Chinese search engine, Chinese word segmentation is the most fundamental part of the system, because the current word based Chinese search algorithm is not too good. Of course, this article is not to do research on Chinese search engine, but to share if you use PHP to do a site search engine.

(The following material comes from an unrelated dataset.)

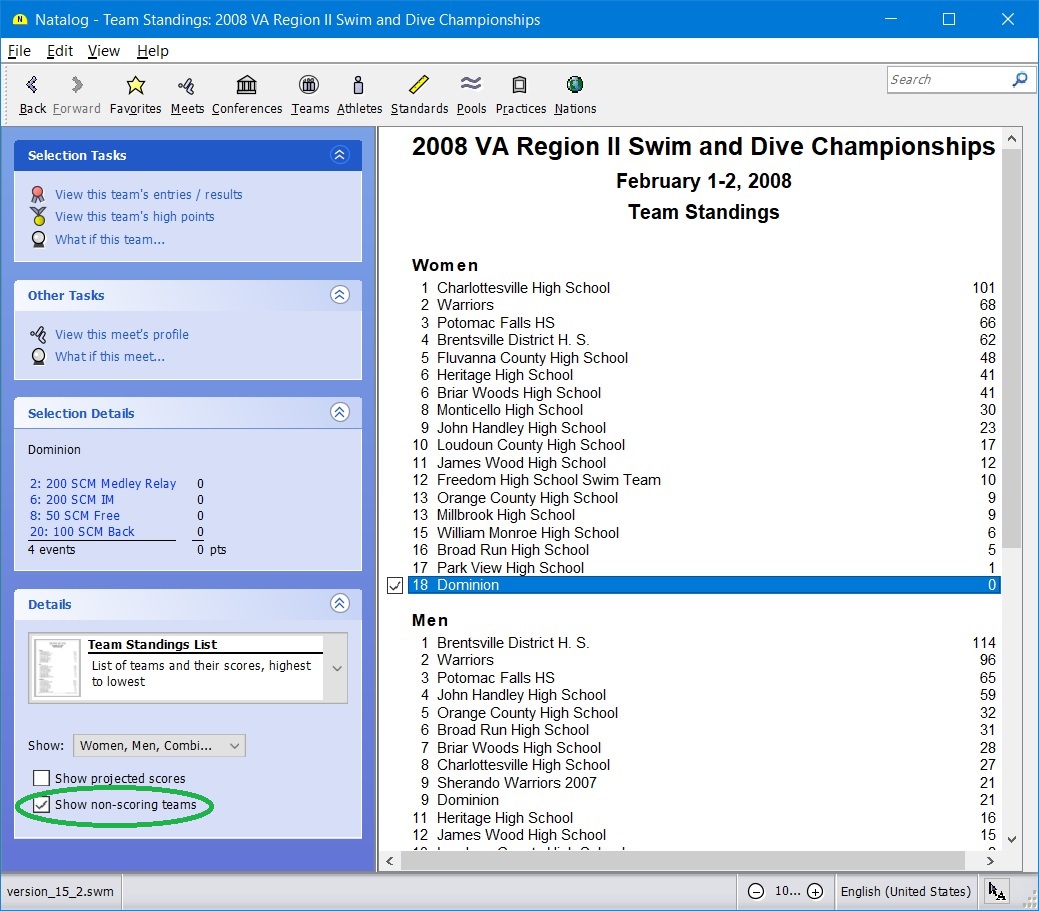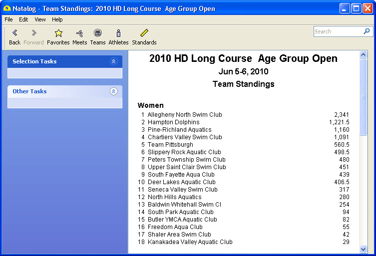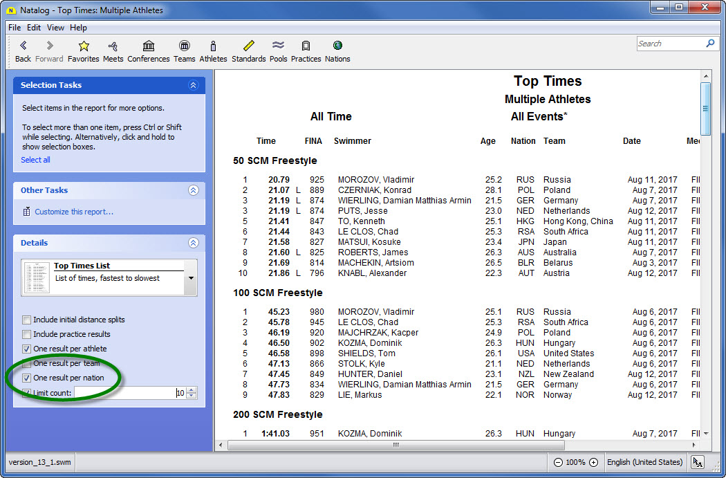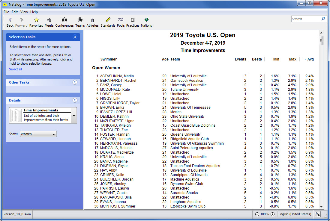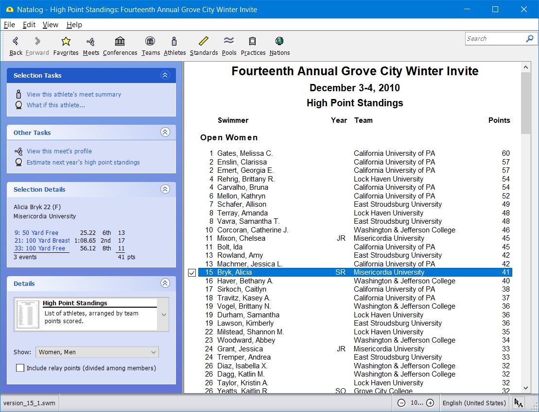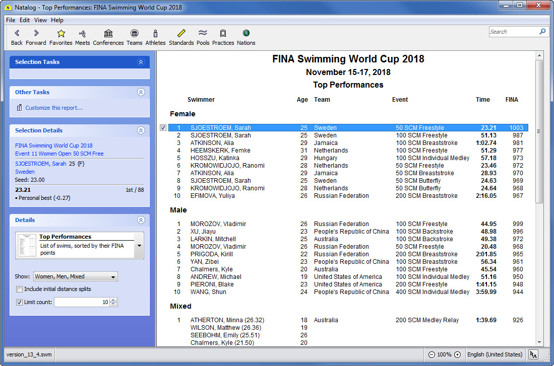 - Team, conference, pool, national, and world performer rankings (based on your loaded results) are now available as columns on the top times page

This article is an article in this system
The PHP class for Chinese word segmentation is below, using the Proc_open () function to execute the word breaker, and through the pipeline and its interaction, enter the text to be participle, read the word segmentation results.
Class nlp{
private static $cmd _path;
Do not end with '/'
static function Set_cmd_path ($path) {
Self:: $cmd _path = $path;
}
Private function cmd ($STR) {
$descriptorspec = Array (
0 = = Array ("Pipe", "R"),
1 = = Array ("Pipe", "w"),
);
$cmd = self:: $cmd _path. "/ictclas";
$process = Proc_open ($cmd, $descriptorspec, $pipes);
if (Is_resource ($process)) {
$str = Iconv (' utf-8 ', ' GBK ', $str);
Fwrite ($pipes [0], $STR);
$output = Stream_get_contents ($pipes [1]);
Fclose ($pipes [0]);
Fclose ($pipes [1]);
$return _value = Proc_close ($process);
}
/*
$cmd = "printf ' $input ' |". Self:: $cmd _path. "/ictclas";
EXEC ($cmd, $output, $ret);
$output = Join ("n", $output);
*/
$output = Trim ($output);
$output = Iconv (' GBK ', ' utf-8 ', $output);
return $output;
}
/**
* Word breaker, return word list.
*/
function Tokenize ($STR) {
$tokens = Array ();
$output = Self::cmd ($input);
if ($output) {
$ps tutorial = preg_split ('/s+/', $output);
foreach ($ps as $p) {
List ($seg, $tag) = explode ('/', $p);
$item = Array (
' Seg ' = $seg,
' Tag ' = $tag,
);
$tokens [] = $item;
}
}
return $tokens;
}
}
Nlp::set_cmd_path (DirName (__file__));
?>
Easy to use (make sure the Ictclas compiled executables and dictionaries are in the current directory):
Require_once (' nlp.php ');
Var_dump (nlp::tokenize (' Hello, world! '));
?>
Webmaster experience,
If you want to do search engine segmentation, the need for a strong thesaurus and more intelligent pinyin and writing, habits and other functions of the library.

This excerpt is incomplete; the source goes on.